Poster Presentation NSW State Cancer Conference 2023

TIM3-targeting chimeric antigen receptor T-cells for treating acute myeloid leukaemia (#244)

Daochen Tong 1 , Koon Lee 1 2 3 4 , Ken Micklethwaite 1 2 3 4
  1. Cell Therapies Group, Centre for Cancer Research, The Westmead Institute for Medical Research, Westmead, NSW, Australia
  2. Western Clinical School, Faculty of Medicine and Health, The University of Sydney, Westmead, NSW, Australia
  3. Department of Haematology, Westmead Hospital, Westmead, NSW, Australia
  4. Blood Transplant and Cell Therapies Program, Westmead Hospital, Westmead, NSW, Australia

Background

Chimeric antigen receptor (CAR) T-cell is a rapidly emerging novel treatment modality for cancer, which has been especially successful against B-cell leukaemia and lymphoma. However, application to other haematological malignancies such as acute myeloid leukemia (AML) remains challenging due to the lack of suitable cancer-associated antigens. T cell immunoglobulin and mucin domain-containing protein 3 (TIM3) is an attractive target as it is overexpressed in AML bulk disease and leukemic stem cells, but they are also expressed on activated T-cells. Here, we report in vitro efficacy of a novel locally developed TIM3-specific CAR T-cell, following knock-out (KO) of TIM3 in modified T-cells to prevent fratricide.

Aim

To generate TIM3- targeting CAR (CARTIM3) T-cells and evaluate in vitro activity.

Methods

CAR short-chain variable fragment (scFv) was based upon an antibody patent. The scFv was cloned into an in-house CAR construct and electroporated into primary T-cells using the PiggyBat transposon/transposase system. TIM3 is a T-cell exhaustion marker upregulated upon T-cell activation, therefore two TIM3 guide RNAs (gRNAs) and Cas9 were co-electroporated with the CAR construct to prevent possible fratricide (n=3), then expanded in vitro using irradiated feeder cells and interleukin 15, for 2 weeks. At the end of culture period, CAR T-cells were assayed for CAR expression, exhaustion and memory phenotypes by flow cytometry. CAR T-cell function was determined by intracellular cytokine flow cytometry release and calcein-AM cytotoxicity assays upon co-culture with TIM3-overexpressing HEK293 and K562 cell lines. CAR without TIM3-targeting domain and CAR T-cells without TIM3 KO served as negative controls.

Results

The TIM3KO CARTIM3 T-cells expanded 3.8-fold with CAR expression of 75%±14%. There was no difference in phenotypes between cultures, besides lower TIM3 expression in the TIM3KO cultures as expected (7.5±7.9% vs 51.2±21%; p=0.0413).

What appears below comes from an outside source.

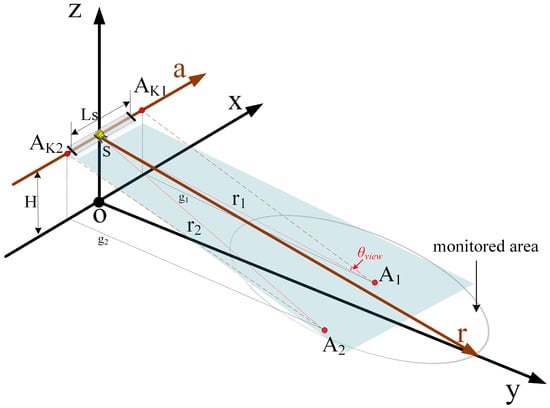 After calibration of the rail, the axis was approximately parallel to the ground. Point cloud data was obtained by TLS topographic mapping. GB-SAR system coordinates were determined as described in Section 2, with accuracy over 50 m of about ±1 mm [20]. is the phase center of the GB-SAR array and is the cross section by range and azimuth direction. The plane rotates around the s − a axis as the target range changes. is the rail axis distance to o − xy. We took the plane formed by the central point slant distance of the test site and the s − a axis as the reference plane for imaging. The obtained image is the projection image of each target in the reference plane. In the geometric mapping method, corresponds to In SAR image, , respectively correspond to , ; the problem to be solved is a mapping relation. As shown in Figure 10, , are the slant ranges between , and . , are the projection points on the s − a axis. The point cloud spatial resolution is higher than that of the GB-SAR image, with a multiple-to-one mapping relation. The range coordinates of SAR images are all positive, so the range direction matching relation is as follows:
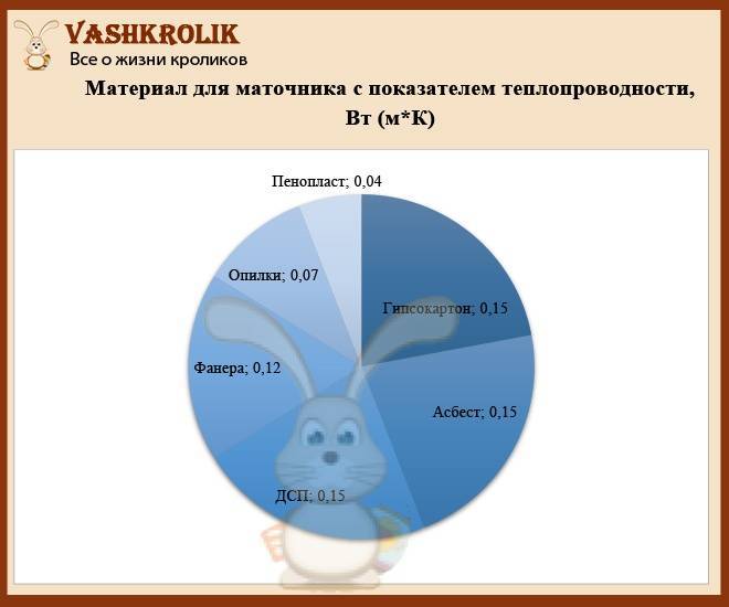 Материал для изготовления маточника выбирают с учётом теплопроводности. Чем меньше теплопроводность, тем теплее будет крольчатам.

Cytokines TNF-α and IFN-γ produced in response to TIM3 overexpressing cell lines were not significantly different to no-target controls. However, a strong cytotoxic response was observed exclusively for TIM3KO CARTIM3 T-cells, but none of the other control CARs at 20:1 effector:target ratio against TIM3 overexpressing HEK293 (60.1±12.9% vs 0.1±5.6%, p=0.0214) and K562 (90.5± 23.7% vs 13.2± 15.6%, p= 0.0128).

Discussion

We have demonstrated the successful generation of an anti-TIM3 CAR construct able to produce significant specific cytotoxicity against TIM3 overexpressing cell lines when expressed in T-cells with TIM3 KO. TIM3 is an extremely attractive AML target due to presence on leukaemic stem cells and this work could inform further translational studies.